Exercise prompt:
In the entries below, find the line with "- Nhị Cảnh: Bình" and the line with "A2: Logotipo pertsonalizatuko"; copy them and every line between them exactly, but not the pictures.

Provided information:
══════════

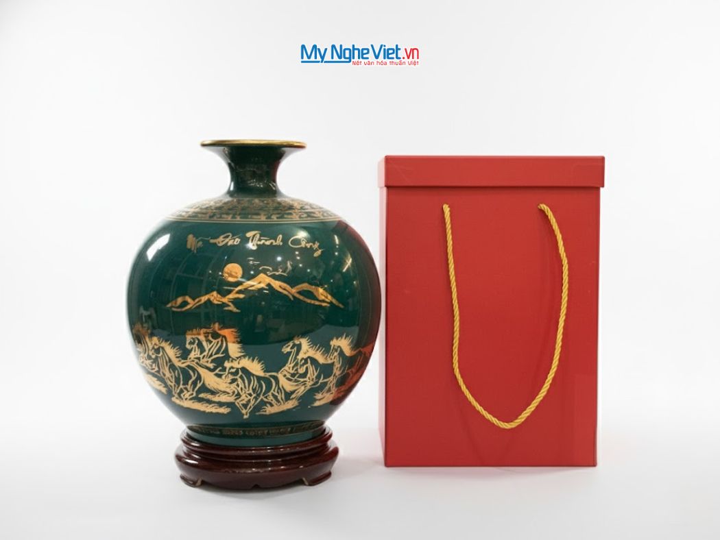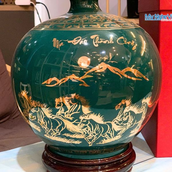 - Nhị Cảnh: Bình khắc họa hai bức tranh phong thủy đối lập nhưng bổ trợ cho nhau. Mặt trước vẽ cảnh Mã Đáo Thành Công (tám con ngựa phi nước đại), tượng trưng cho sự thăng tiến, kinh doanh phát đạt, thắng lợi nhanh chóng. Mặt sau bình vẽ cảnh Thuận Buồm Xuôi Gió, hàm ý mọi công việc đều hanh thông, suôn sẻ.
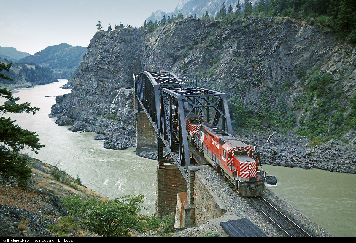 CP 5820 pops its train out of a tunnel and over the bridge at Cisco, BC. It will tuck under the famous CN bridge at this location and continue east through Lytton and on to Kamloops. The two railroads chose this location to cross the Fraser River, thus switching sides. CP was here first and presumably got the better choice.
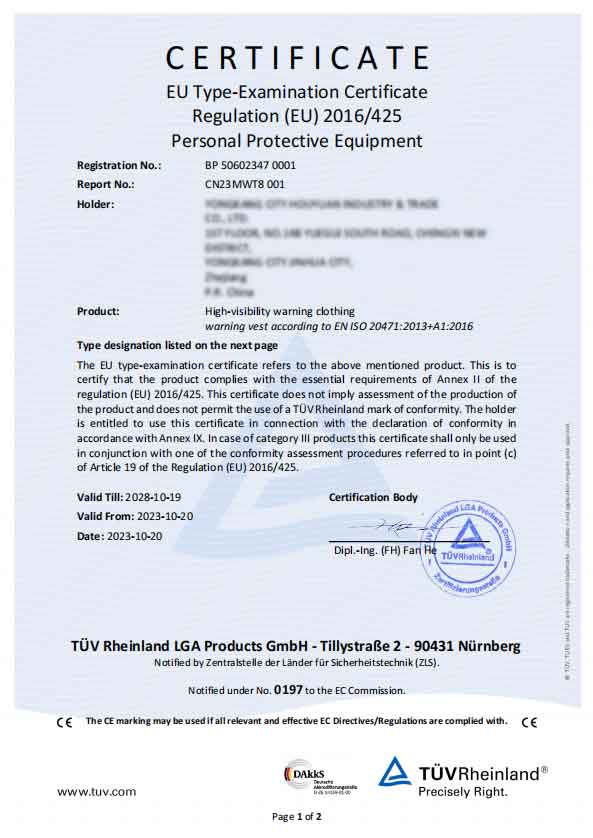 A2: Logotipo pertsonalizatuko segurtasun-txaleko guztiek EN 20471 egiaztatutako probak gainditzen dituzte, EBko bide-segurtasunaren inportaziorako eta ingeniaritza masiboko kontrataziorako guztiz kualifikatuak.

══════════

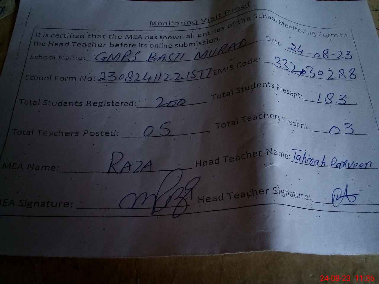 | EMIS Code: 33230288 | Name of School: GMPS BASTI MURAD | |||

══════════

Answer area:
 - Nhị Cảnh: Bình khắc họa hai bức tranh phong thủy đối lập nhưng bổ trợ cho nhau. Mặt trước vẽ cảnh Mã Đáo Thành Công (tám con ngựa phi nước đại), tượng trưng cho sự thăng tiến, kinh doanh phát đạt, thắng lợi nhanh chóng. Mặt sau bình vẽ cảnh Thuận Buồm Xuôi Gió, hàm ý mọi công việc đều hanh thông, suôn sẻ.
 CP 5820 pops its train out of a tunnel and over the bridge at Cisco, BC. It will tuck under the famous CN bridge at this location and continue east through Lytton and on to Kamloops. The two railroads chose this location to cross the Fraser River, thus switching sides. CP was here first and presumably got the better choice.
 A2: Logotipo pertsonalizatuko segurtasun-txaleko guztiek EN 20471 egiaztatutako probak gainditzen dituzte, EBko bide-segurtasunaren inportaziorako eta ingeniaritza masiboko kontrataziorako guztiz kualifikatuak.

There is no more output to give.